The formula for determining the consumer’s tax burden with “E” representing elasticity is as follows:

  • E (supply) / (E (demand)) + E (supply)

The formula for determining the producer or supplier’s tax burden with “E” representing elasticity is as follows:

E (demand) / (E (demand) + E (supply))

Incidence of Tax

The incidence of tax refers to the ultimate economic burden or impact of a tax, determining who bears the actual cost of the tax. In any tax system, there are two main concepts related to tax incidence:

  1. Legal Incidence:

Legal incidence refers to the entity or individual legally responsible for remitting the tax to the government. This is the party identified by tax laws as being liable to pay the tax.

  1. Economic Incidence:

Economic incidence refers to the actual burden of the tax, indicating who ultimately bears the cost of the tax in economic terms. This may or may not be the same as the legally designated taxpayer.

Tax Incidence Examples:

  1. Direct Taxes:
    • Legal Incidence: For direct taxes like income tax, the legal incidence usually falls on individuals or entities with specific types of income.
    • Economic Incidence: The economic incidence depends on factors like the elasticity of demand for the taxed goods or services. For example, if a business faces a highly elastic demand for its products, it may pass on the tax burden to consumers in the form of higher prices, thus shifting the economic incidence to consumers.
  2. Indirect Taxes:
    • Legal Incidence: For indirect taxes like the Goods and Services Tax (GST), the legal incidence is on the businesses involved in the production and distribution of goods and services.
    • Economic Incidence: The economic incidence can vary. In some cases, businesses may pass on the tax burden to consumers through higher prices. However, businesses may absorb the tax if the market conditions are competitive and demand is sensitive to price changes.
  3. Corporate Taxes:
    • Legal Incidence: Corporations are legally responsible for paying corporate income taxes.
    • Economic Incidence: The economic incidence can be distributed among various stakeholders, including shareholders (in the form of reduced dividends or stock value), employees (in the form of lower wages), and consumers (in the form of higher prices).

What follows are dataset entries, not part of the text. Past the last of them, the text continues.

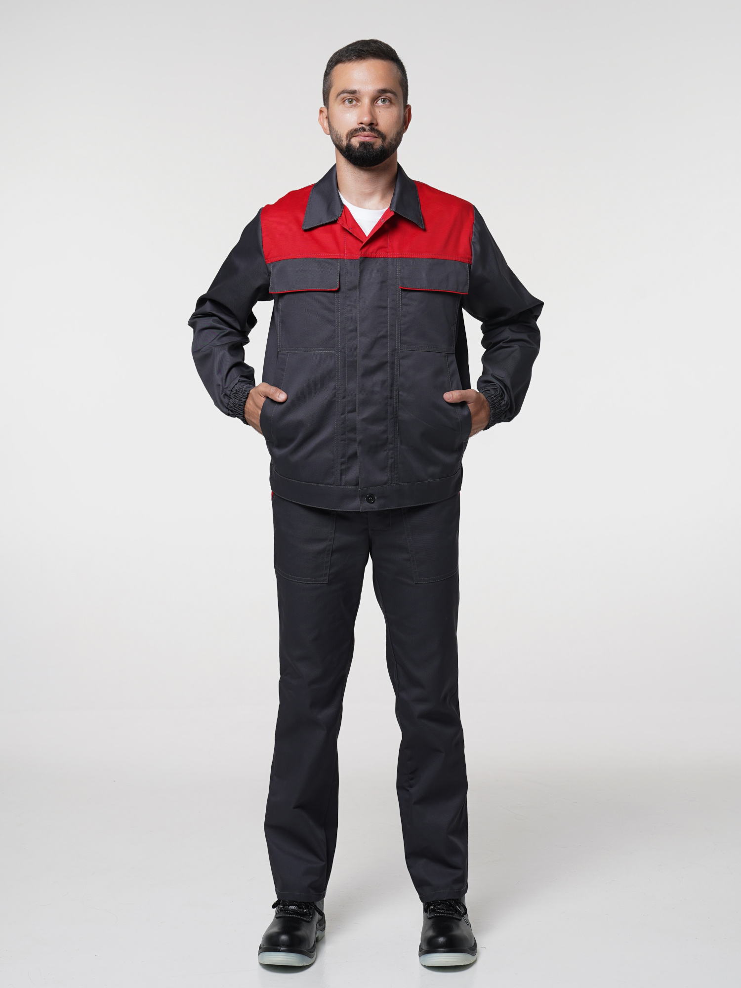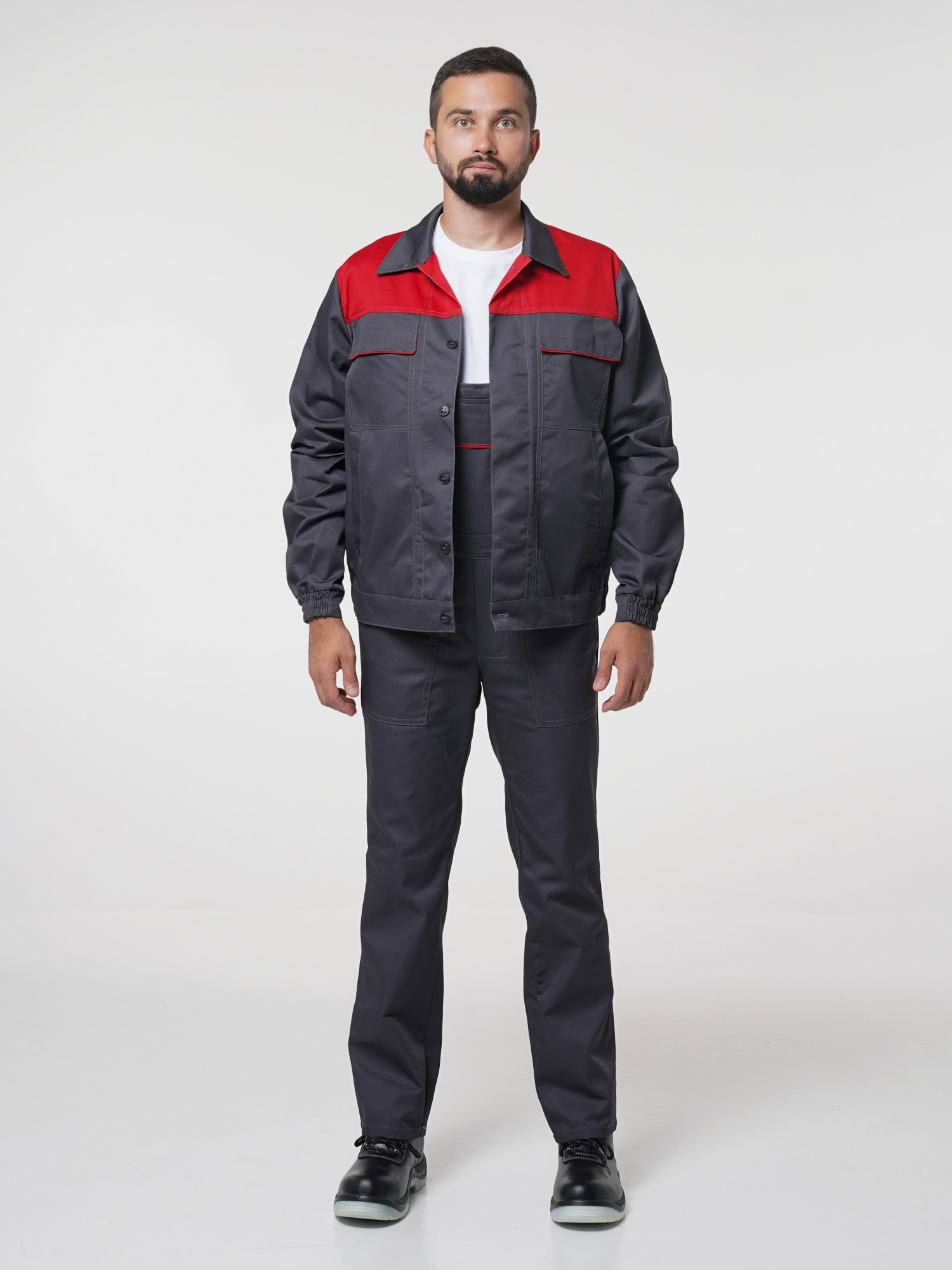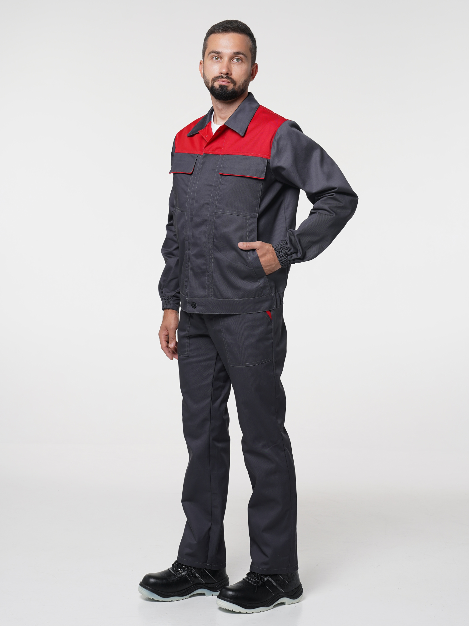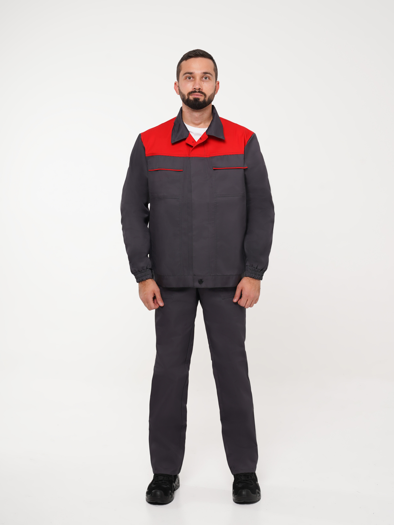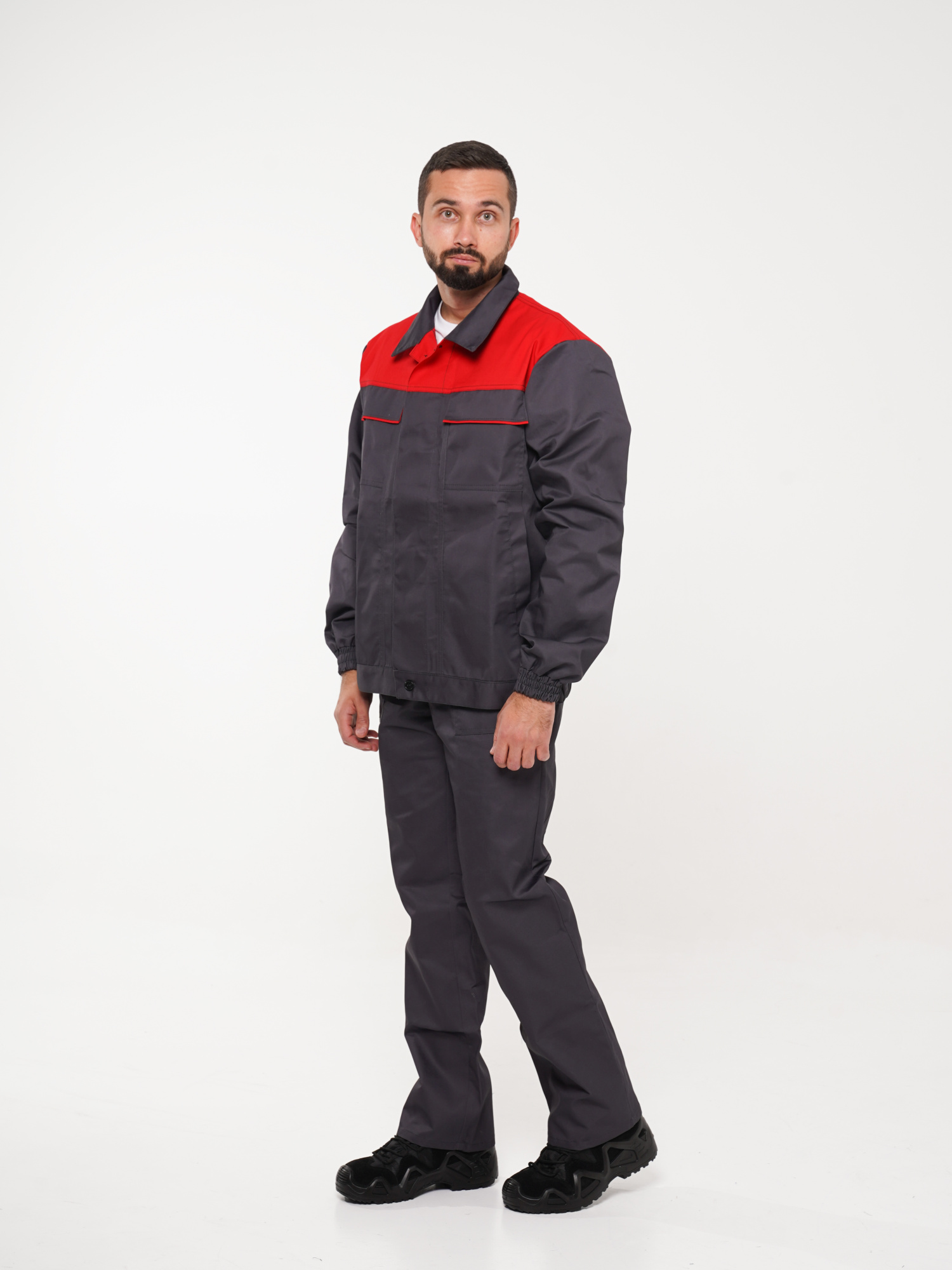 Костюм рабочий Сириус-Мастер №112 т.серый с красным (куртка, полукомбинезон) (ЧЗ) (112-116/170-176)
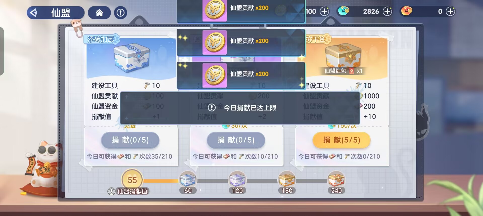 具体的兑换顺序为:①仙盟3级前优先兑换:【各类宝箱】。
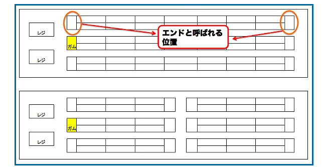 通路が狭いところでは、エンドを小さくにしか展開ができません。
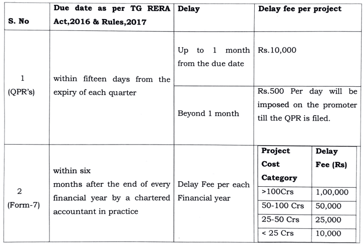 To ensure compliance, TG RERA has announced a strict late fee structure effective April 1, 2025. Promoters must clear all pending QPRs by March 31, 2025. Failure to do so will result in a late fee of Rs. 500 per day from April 1, 2025 until submission.
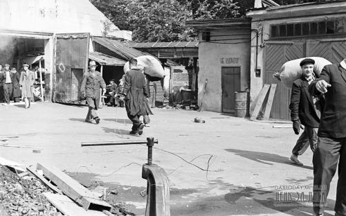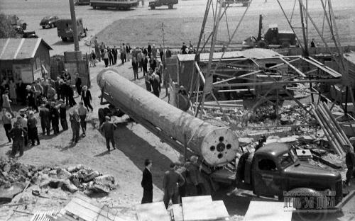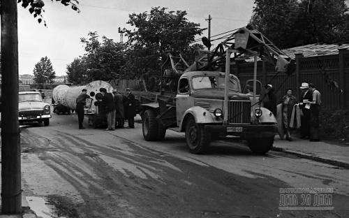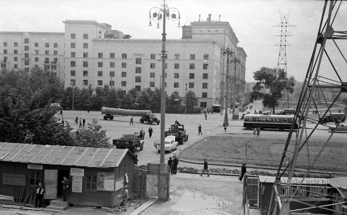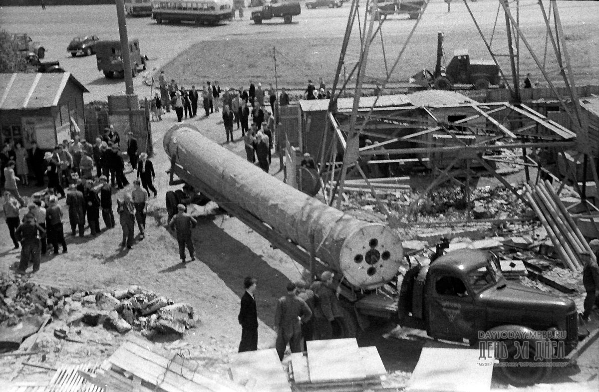 Автопоезд остановился на специально расчищенной площадке у самого здания. Не успели замолчать моторы автомашин, как раздались четкие слова команд. Находившиеся на своих постах в кабинах гигантских башенных кранов крановщики Н. Филоненков и Н. Николаев тросами подцепили металлический каркас вместе с валом и за 10 минут подняли его наверх, а потом точно опустили на крышу бокового зала, к проему в стене.
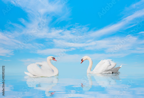Obraz premium Two swans floating on the water
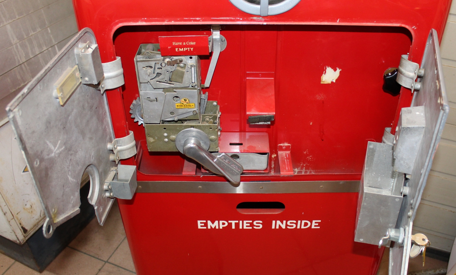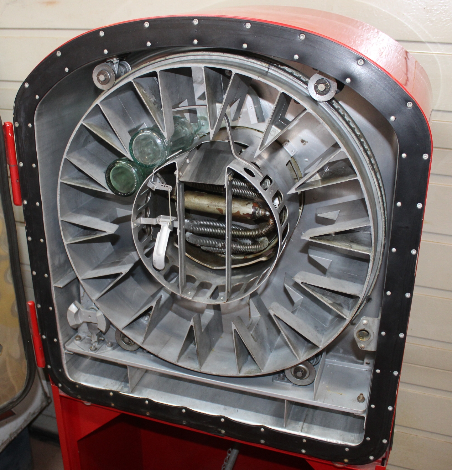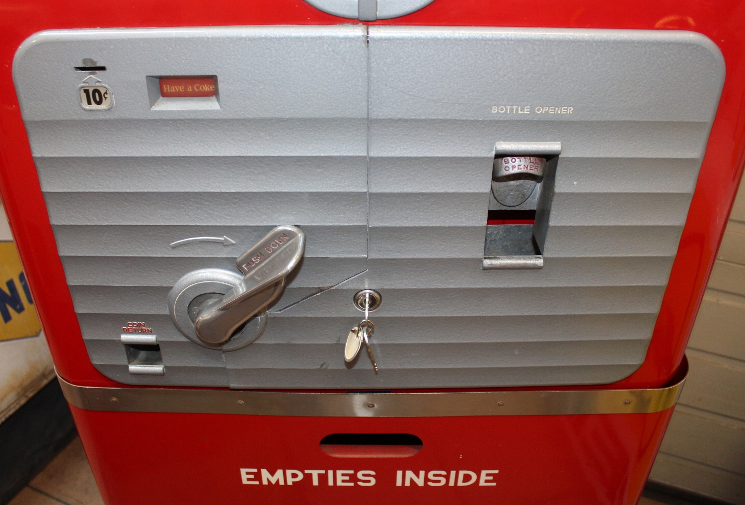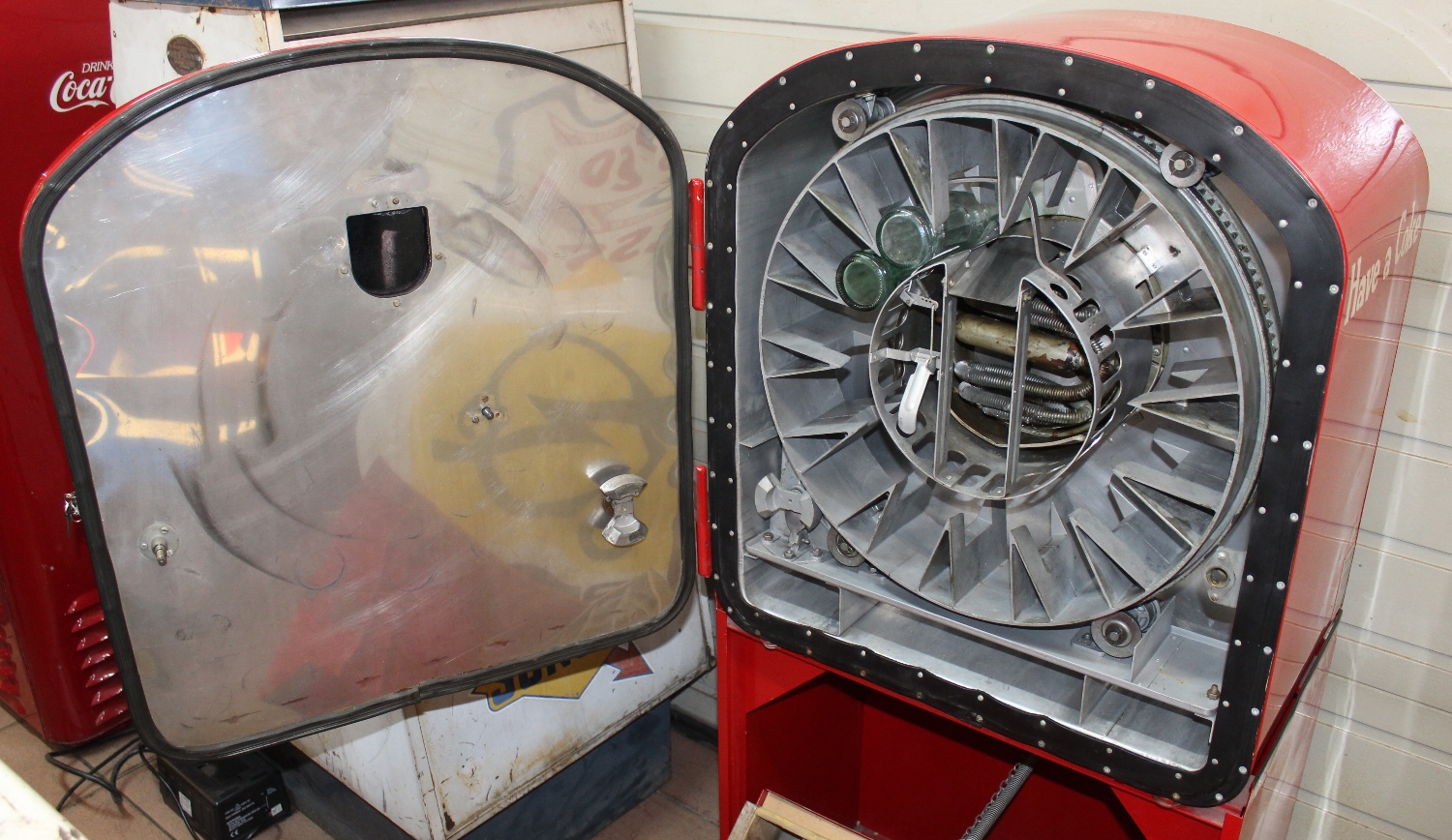 Originaler Coca Cola Vendo-27 Getränke-Automat von 1948 aus den USA, Zustand sehr gut, ältere USA-Restauration, minime Oberflächenkratzer, spezieller Automat mit originalem Unterbau um die leeren Flaschen zu verstauen, Kühlung 110V funktioniert einwandfrei, es wurde ein 230V Umtransformer eingebaut, Flaschenausgabe funktioniert mit amerikanischen 10c Münzen, inkl. Schlüssel, Breite: 62cm, Höhe: 132cn, Tiefe: 56cm.
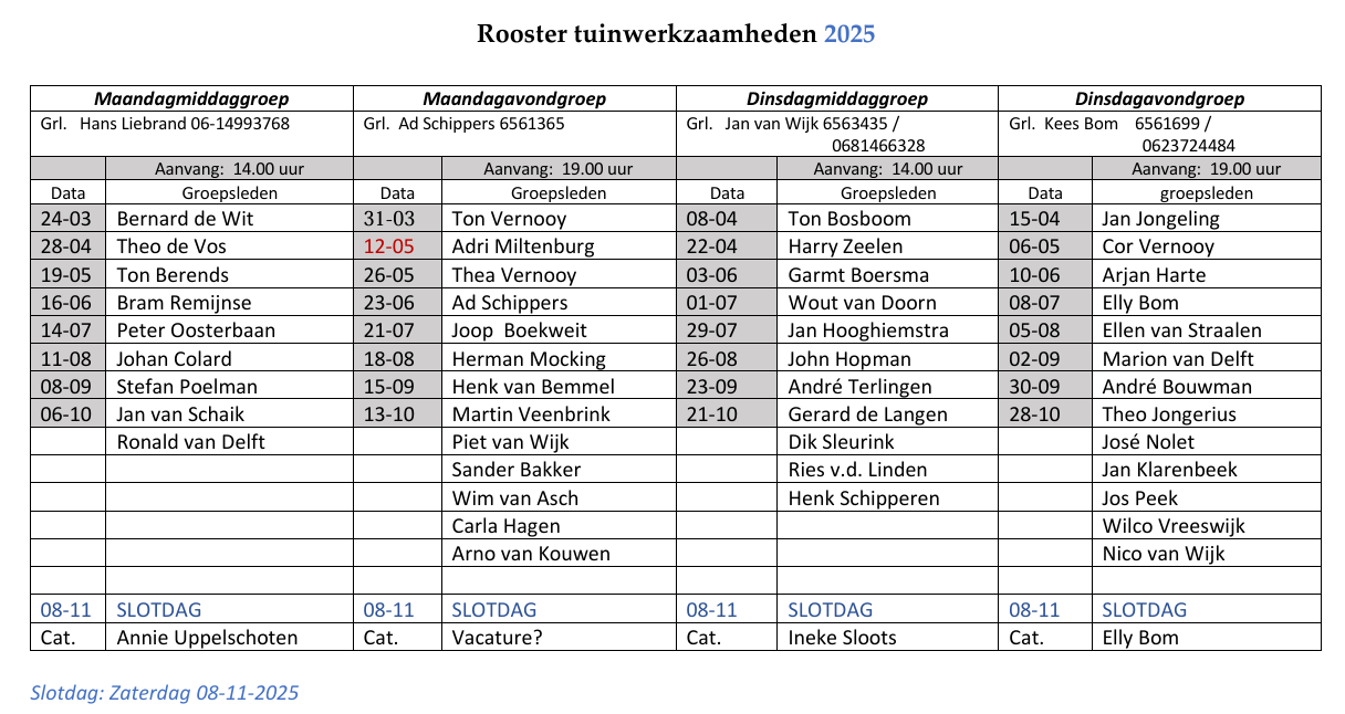 Rooster tuinwerkzaamheden 2025

Factors Influencing Tax Incidence:

  • Elasticity of Demand:

In markets with inelastic demand, businesses are more likely to pass on the tax burden to consumers through higher prices. In contrast, in markets with elastic demand, businesses may absorb the tax to remain competitive.

  • Elasticity of Supply:

In markets where the supply of goods or services is elastic, producers can more easily adjust production levels in response to changes in taxes without significant impact on prices.

  • Market Structure:

The degree of competition in a market influences the ability of businesses to pass on the tax burden. In competitive markets, businesses may have limited pricing power, affecting their ability to shift the tax burden to consumers.

  • Ability to Substitute:

If consumers can easily substitute one product for another, businesses may find it challenging to pass on the tax burden, as consumers can switch to alternatives with lower prices.

  • Bargaining Power:

The relative bargaining power of different economic agents, such as employers and employees or buyers and sellers, can influence how the economic burden of taxes is distributed.